Is there such a name?

Answer 1

To the best of my knowledge, there is no universally understood term which will denote the result of applying a binary operation to two objects. As such, if you decide to use such a term, you should be careful to define that term before you start using it willy-nilly. That being said, there seem to be several options, include those mentioned in the comments. I am presenting them is the order that, in my opinion, runs from worst to best (that is, the best options are at the bottom).

• Sum: The object $a \star b$ is the sum of $a$ and $b$. In general, I would say that calling it a sum implies that $\star$ is a commutative operation. If it is not commutative, then "sum" may be inappropriate.

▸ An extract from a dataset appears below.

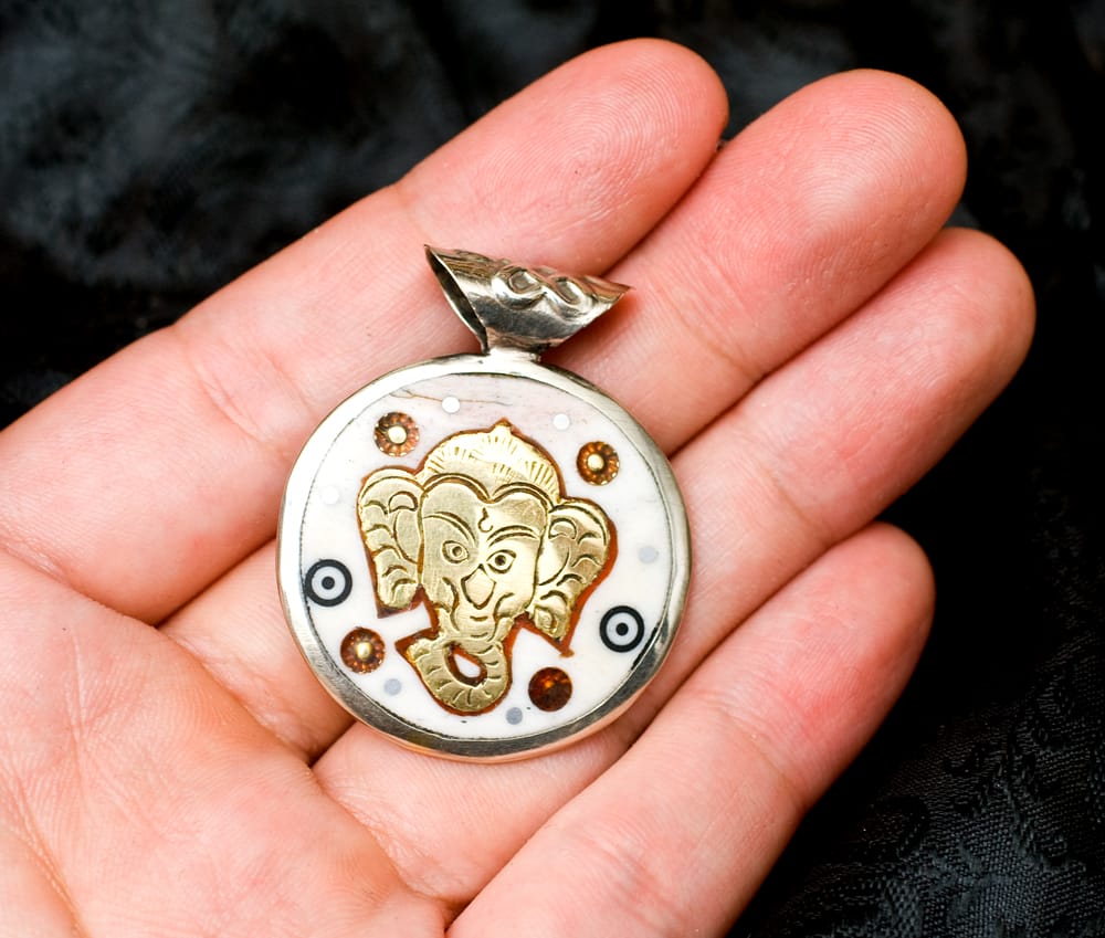 ガネーシャと太陽のペンダントトップの写真ガネーシャと太陽のペンダントトップ 2 - 裏面の写真ですガネーシャと太陽のペンダントトップ 3 - 紐を通す部分を写してみましたガネーシャと太陽のペンダントトップ 4 - 手に持ってみましたガネーシャと太陽のペンダントトップ 5 - 紐を通すとこのような感じになります(このイメージはID-ACS-258のものになります)

• Composite: The object $a\star b$ is the composition or composite of $a$ and $b$. In my experience, function composition is often the "multiplicative operation" of an algebra. For example, multiplication of two $n\times n$ matrices can be seen as the composition of the two linear transformations represented by those matrices—this notion generalizes nicely to spaces of linear functionals (for example). Personally, I would think that "composition" implies noncommutativity, but I can't back that up with anything other than my own gut.

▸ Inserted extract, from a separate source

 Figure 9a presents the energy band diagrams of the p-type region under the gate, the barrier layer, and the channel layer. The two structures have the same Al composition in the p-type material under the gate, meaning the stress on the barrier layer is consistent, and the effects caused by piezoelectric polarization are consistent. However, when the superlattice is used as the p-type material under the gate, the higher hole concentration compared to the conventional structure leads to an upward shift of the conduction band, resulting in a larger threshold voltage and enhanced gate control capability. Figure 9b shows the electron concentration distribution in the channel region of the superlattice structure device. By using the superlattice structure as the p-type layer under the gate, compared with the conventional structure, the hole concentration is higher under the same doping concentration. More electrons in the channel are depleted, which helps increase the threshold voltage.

• Product: The object $a \star b$ is the product of $a$ and $b$. This is likely to be an easily understood term—an arbitrary binary operation can often be understood as a generalized version of addition or multiplication. As noted above, "sum" implies commutativity, while "product" does not (though multiplication can be commutative, so there is no loss of generality).

• Result: The object $a\star b$ is the result of starring $a$ and $b$. That is, come up with a noun to describe the operation (this is the "star operation"), verb that noun, then use the phrase suggested above.

• Image: See J.G.'s answer.

• $\star$-product: Finally, saving the best for last, call $a\star b$ the $\star$-product of $a$ and $b$. Read aloud, if $c = a\star b$, then say

  $c$ is the star-product of $a$ and $b$.

  I think that this is likely to be completely unambiguous, and offers the most bang for the buck.

Answer 2

A binary operator can be construed as a binary function we just like to write without the usual $f(a,\,b)$ notation. Then $a\star b$ is an image of the operator/function.

As others have noted, in certain contexts product is also used. (Presumably, it won out over sum because "addition" is usually reserved for a commutative operation, with one obvious exception).

Answer 3

$a*b$ is in fact a simple example of a "word". But generally it would be called the product of $a$ and $b$.